Under the revised rules that took effect July 3, those who come to Korea with an E-2 visa, a permit for teaching English in Korea, has only to take a mandatory test for drugs and syphilis, the MOJ said.

For the past couple of decades, increasing demand for native English speaking teachers, as part of Korea’s globalization drive, has led to the inflow of an estimated 24,000 English teachers in Korea.

But the growing social contacts between foreign English teachers and Korean women have produced fears of cultural contamination and miscegenation with occasional incidents of xenophobia, according to a 2012 Journal of Korean Law “HIV/AIDS Tests as a Proxy for Racial Discrimination?”

The MOJ introduced HIV and drug tests for foreign English teachers in 2007, claiming they were necessary to “ease the anxiety of citizens” and “assure the parents” of children being taught by foreigners.

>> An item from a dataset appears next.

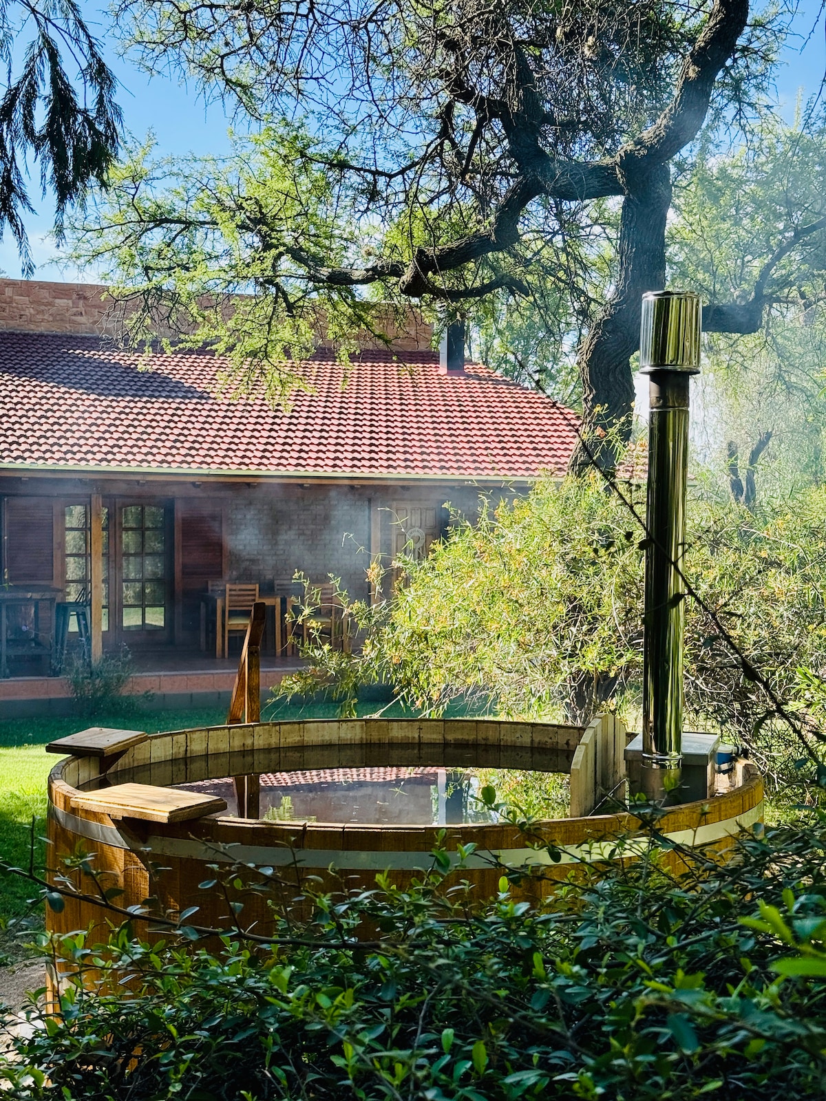 Cabaña al pie de las sierras con bajada propia al arroyo. Inmerso en el monte nativo rodeado de naturaleza. En el verano su mini piscina con vista a los cerros, su galería con asador y su gran jardín serán tu refugio. La salamandra te dará calor en invierno mientras disfrutas de la vista a los cerros nevados . La casita está pensada para que la privacidad sea lo más importante.

Also facilitating its introduction were a media hysteria and moral panic caused by the high-profile arrest of Christopher P. Neil, a pedophile who taught English in Gwangju, South Jeolla Province. Neil was detained in Thailand for the sexual abuse of Thai children after an international manhunt was ordered by the International Police Organization (Interpol).

Although Neil’s offenses have occurred outside of Korea and there were no Korean pedophile victims, locals were outraged by the fact that Interpol identified Neil as an English teacher working in Korea just before his arrest. Importantly, however, Neil was not HIV-positive, involved with drugs or an E-2 visa holder.

“Drug use and other criminal activities committed by foreign English teachers have been a social issue for some time, and have built up to dangerous levels in recent years,” said an MOJ news release issued in November 2007. “For example, sex crimes committed by native speaking instructors, who are high on drugs, are disrupting society.”

There have been several more official statements made without providing any objective data or evidence which backed up the “dangerous levels” of criminal activity.

Of the 49 countries in the world that have some forms of HIV-related restrictions in place for foreigners, only about six -- Belarus, Cuba, Malaysia, the Republic of Moldova, Mongolia, and the Turks and Caicos Islands -- have restrictions so extreme as Korea’s, which require in-country testing for foreign workers repeated on a regular basis, according to Joint United Nations Program on HIV/AIDS (UNAIDS) in June 2009.

In 2010, the Korea Herald reported that the Prime Minister’s Office conducted an opinion poll, finding “80.7 percent of ordinary citizens” who supported the mandatory HIV tests for foreign teachers.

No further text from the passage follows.